Singapore FTA to bring more dividends to country - Malik

Development Strategies and International Trade Minister Malik Samarawickrema while requesting the opposition to change their narrow minded thinking, yesterday reiterated that the Free Trade Agreement with Singapore has been very cleverly negotiated by the government ensuring more dividends for the country and its posterity.

The Minister also requested the Opposition members to shed narrow minded thinking and join hands with the government to ensure better future for the younger generation.

“Unlike other FTAs signed by Singapore with other countries where the level of liberalization is more than 90% of tariff lines, in the FTA with Sri Lanka, we limited it to 80%. So, 20% of tariff lines or 1,487 items, were kept protected because of a concern on domestic industries and revenue,” he stressed.

Joining the Parliamentary debate on the Sri Lanka-Singapore Free Trade Agreement,(SLSFTA), Minister Samarawickrama said that Sri Lanka has received a proposal from Singapore for investment amounting to 14.8 billion Dollars in an oil refinery for export of petroleum products in just the past two and a half months since the agreement came into effect.

Excerpts from the speech:

“The Sri Lanka-Singapore FTA provides a binding commitment and framework for bilateral trade and investment, which we did not have earlier. This will encourage much needed investment into our country.

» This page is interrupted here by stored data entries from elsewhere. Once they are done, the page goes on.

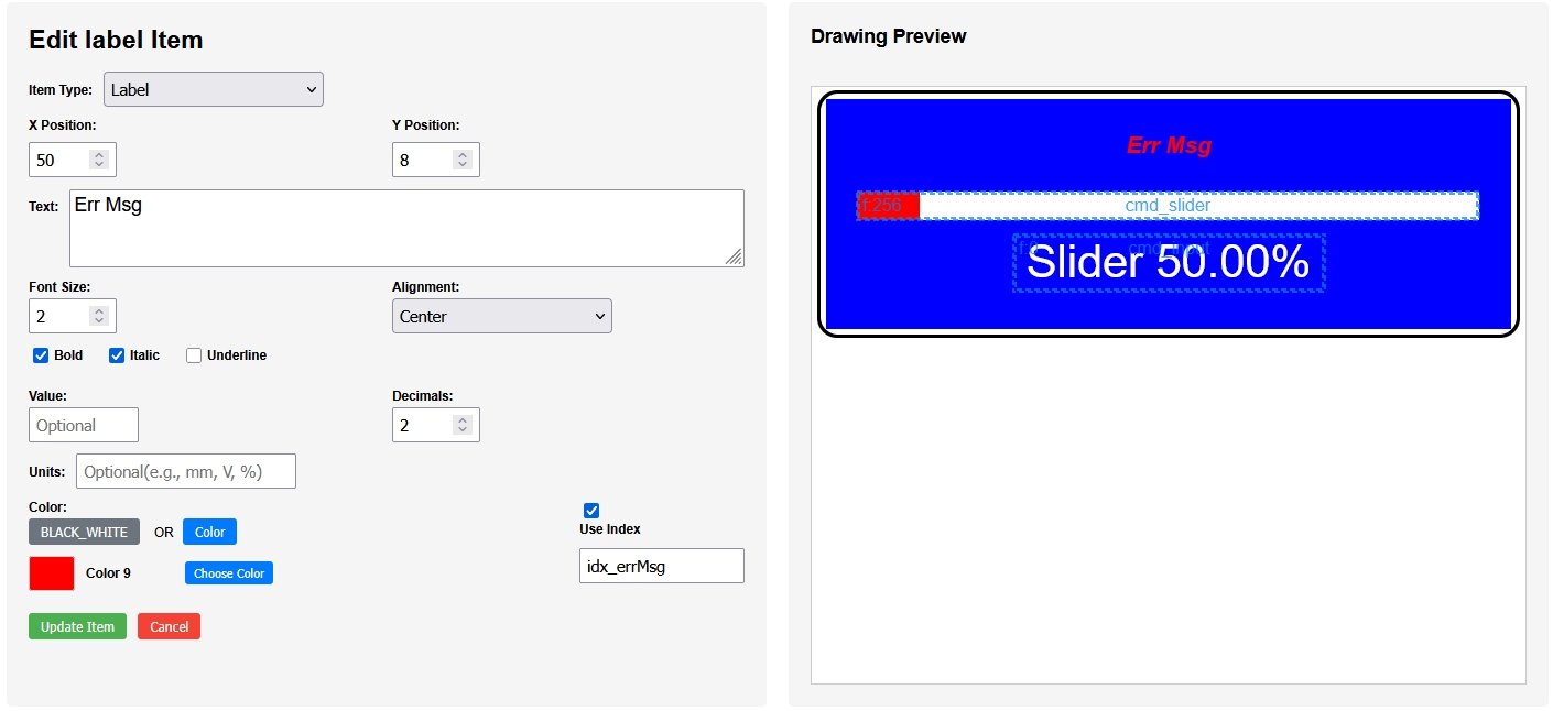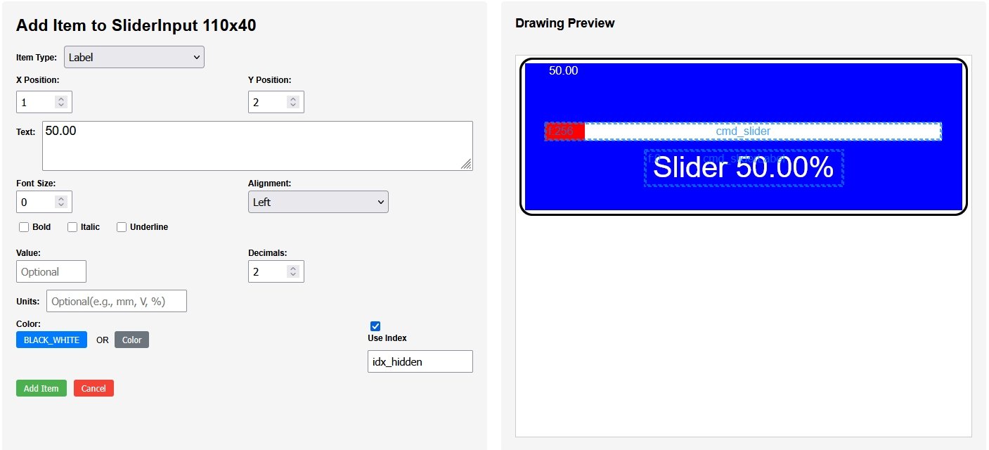 dwgsPtr->label().idx(idx_sliderLabel).color(dwgsPtr->WHITE).text("Slider ").fontSize(8).offset(50,28.5).center().units("%").decimals(2).value(getPosition()).send();
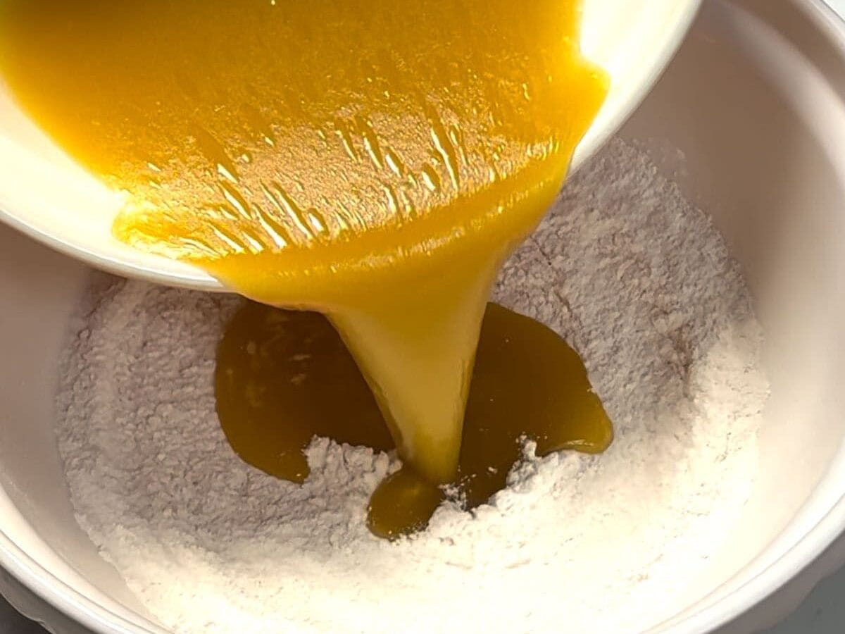 Step 3: Pour the wet mixture into the dry ingredients.Â
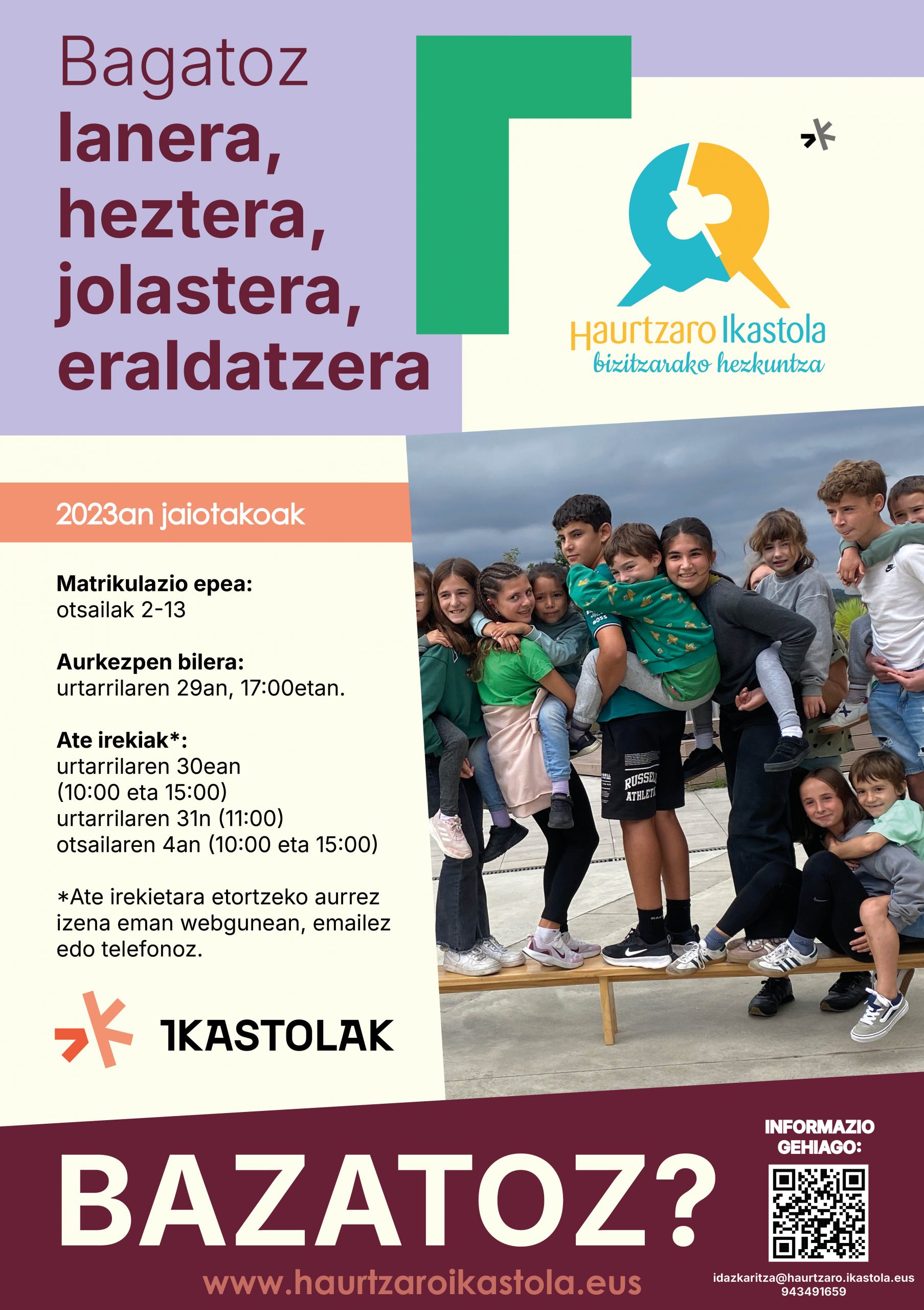 Haurtzaro Ikastola, hezkuntza eta askoz gehiago. Bazatoz?
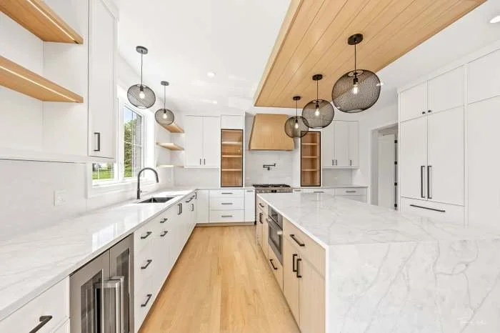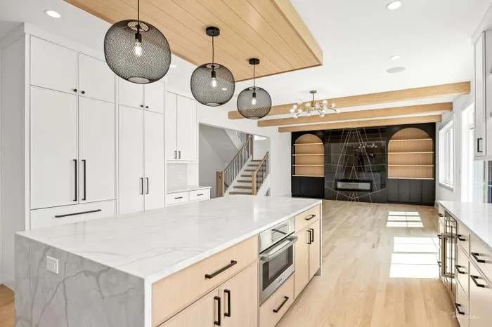 At the center of the home is a striking kitchen with sleek white finishes, built-in appliances, integrated lighting, and a large statement island crafted with rift-cut white oak cabinetry. The material palette feels both warm and architectural modern without feeling cold.
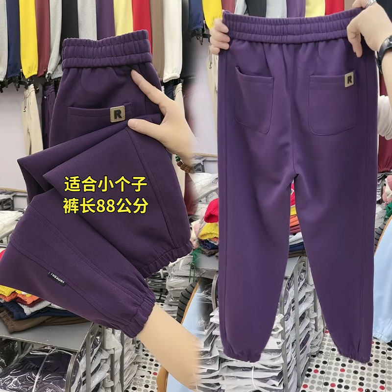 小个子冬季新款九分裤加绒休闲裤女高腰百搭运动裤束脚显瘦哈伦裤
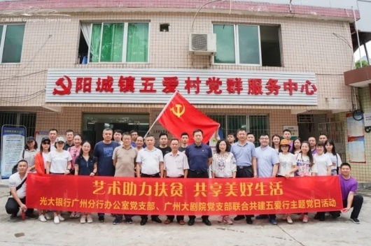 6月17日,廣州大劇院黨支部黨員作為踐行"兩山論"理論的市民參與了廣東廣播電視臺(tái)廣東衛(wèi)視頻道大型通俗理論節(jié)目《為有源頭活水來》策劃的首期節(jié)目《綠水青山就是金山銀山》錄制;7月1日下午,廣州大劇院黨支部與中共廣東音樂曲藝團(tuán)有限公司支部委員會(huì)、中共廣東珠影樂團(tuán)有限公司支部委員會(huì)在《紅色中國粵韻飛揚(yáng)》廣東音樂精品音樂會(huì)演出前舉辦重溫入黨誓詞活動(dòng);7月4日,廣州大劇院黨支部聯(lián)合光大銀行廣州分行辦公室黨支部牽手共建,前往清遠(yuǎn)市陽山縣五愛村,開展"藝術(shù)助力扶貧,共享美好生活"聯(lián)合共建五愛行主題黨日活動(dòng)。

It is important to understand that not every FTA is meant to “balance trade between two countries” or “bridge the bilateral trade deficit”.

“Sri Lanka has trade surpluses with some countries and deficits with other countries. Sri Lanka would need to sign a range of FTAs aimed at different purposes–some FTAs aimed at boosting exports (to gain new and preferential market access) as well as give domestic producers access to lower cost inputs; while other FTAs are aimed at leveraging on the trade-investment nexus.

“The first allegation is made is that the signing of this FTA has not received Cabinet approval. Hon. Speaker, for your information, the Cabinet of Ministers was first updated via an Interim Report in August 2017 on the progress, including the areas and extent of liberalization and the status of the consultative process carried out with stakeholders. On 21 st December 2017, a Cabinet paper was submitted by me containing the draft agreement.

“Based on that, positive observations were made by His Excellency the President and 14 other Cabinet ministers by 9 th January 2018. Taking into account these observations, a revised agreement was submitted to the Cabinet for approval. At the Cabinet meeting of 16th January, Cabinet approved the agreement submitted and granted approval for me to sign it during the visit of the Singapore Prime Minister on January 23. Furthermore, I would like to inform this House that the agreement came into force on 1 st of May after the Anti-Dumping and Safeguard Measures Acts were passed in Parliament.

“Recently at a press conference Minister S B Dissanayake has stated that he is against the FTA. However, he is one of the 14 Cabinet Ministers who have sent in writing that he has NO objections to the signing and Parliamentary Debate on SLSFTA on July 17, 2018.

“Implementation of the Singapore FTA! His exact words, in the letter signed by him are:“Ihatha yojanawa kriyathmaka kereema sambandayen magey virodhathawayak nomatha.”

“Agreeing in Cabinet then. But playing narrow political games now. This is the hypocrisy of members of the opposition!

Another argument is that we did this without consultations. I can responsibly state to the members of this House that we frequently kept stakeholders informed of the status of the negotiations and possible commitments that were to be undertaken. Over the 18 months, about 20 consultation sessions were held with a wide range of stakeholders including business chambers, trade associations, and professional bodies.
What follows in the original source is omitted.